Examinamos que não desaparece o direito sucessório da mulher. Sendo ela esposa e não havendo descendente nem ascendente, a norma islâmica requer que se habilite como legítima herdeira, desde que a sociedade conjugal não esteja dissolvida à época da morte do cônjuge.

Permite, ainda, consolidar um quadro afetivo. Quando a mulher morre, a exemplo do que sucede aos pais paternos, os maternos são chamados à sucessão legítima, recebendo a mesma proporção anteriormente citada.

Na verdade, a ordem de vocação hereditária feminina nem sempre foi reconhecida nas outras legislações.
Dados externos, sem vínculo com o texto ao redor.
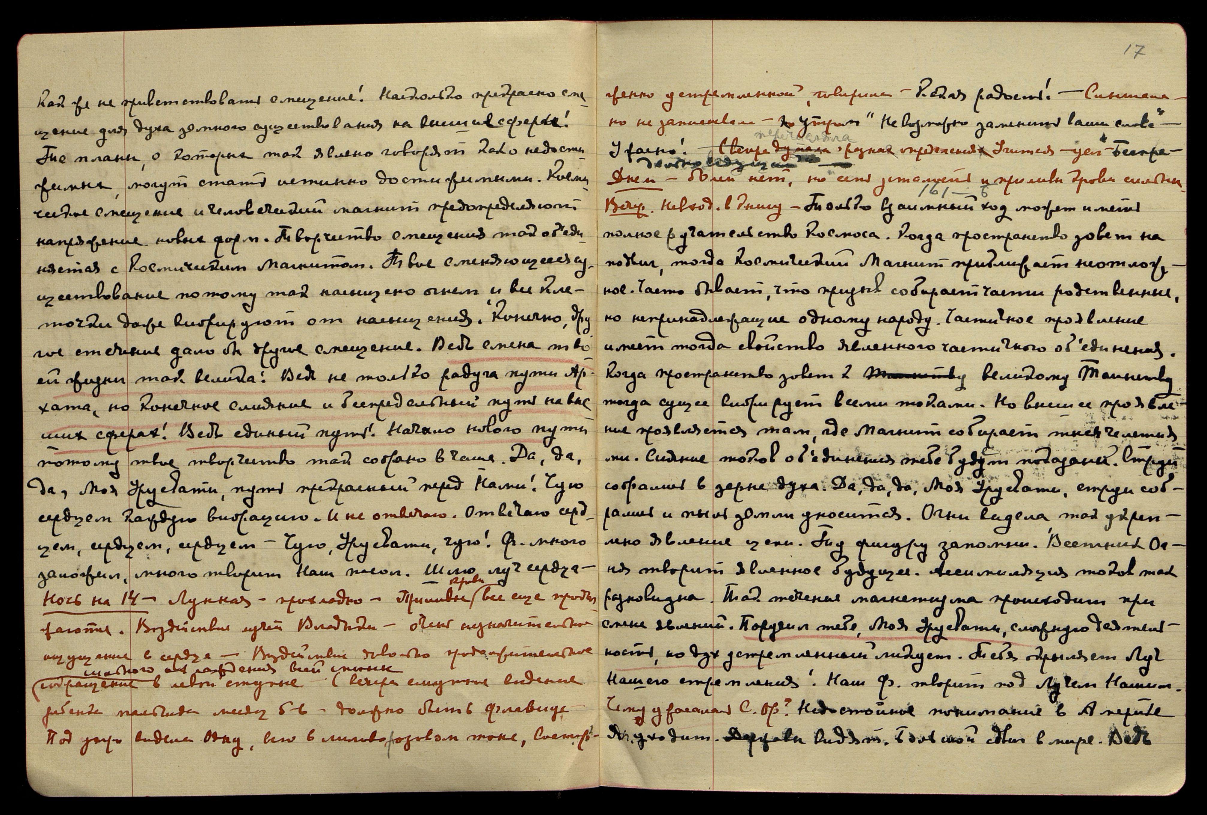 Ночь на 14 [сентября]. Лунная, прохладно. Приливы крови всё ещё продолжаются. Воздействия лучей Владыки очень незначительны, ощущение в сердце. Воздействие, довольно продолжительное, сильного охлаждения всей спины, сокращение в левой ступне. С вечера смутное видение ребёнка − мальчика месяц[ев] 5-6. Должно быть, Флавиус. Под утро видела Ояну, всю в лилово-розовом тоне, восторженно устремлённой, говорила: "Какая радость!" Слышала, но не записывала, утром: "Невозможно заменить ваши слова. − Ужасно!" С вечера перечисляла разные определения Учителя, усл[ышала]: "Беспредельно идущий".

Assim, a mulher, no “Direito Romano, herdava a posse dos bens do de cujus, desde que não houvesse outros parentes que pudessem herdar”(192).

No Direito Civil Brasileiro, a matéria foi inserida “em virtude da conservação do

artigo 1º do Decreto número 1839 de 31 de dezembro de mil novecentos e sete, que colocou

o cônjuge sobrevivo em terceiro lugar, depois dos descendentes e ascendentes”(193).

O direito sucessório islâmico remonta aos tempos do Profeta, determinando que se respeitasse o destino dos bens do morto, assistindo-lhe a liberdade de não contemplar com herança a quem cometesse injustiça dentro do Estado Islâmico.

A nosso ver, o direito sucessório islâmico deu sentido humano às relações familiares, respeitando-se a identidade dos componentes da família, comprometendo todos a uma política religiosa, cujo poder político real não se perdeu no tempo do califado, mas permitiu se estabelecer da forma como até hoje se apresenta.

Mesmo quando as ordenações islâmicas foram desconsideradas pelos colonizadores europeus, procurando o mais possível embargar as transmissões da cultura muçulmana, prevaleceu a educação dentro das prescrições da Shari’ah.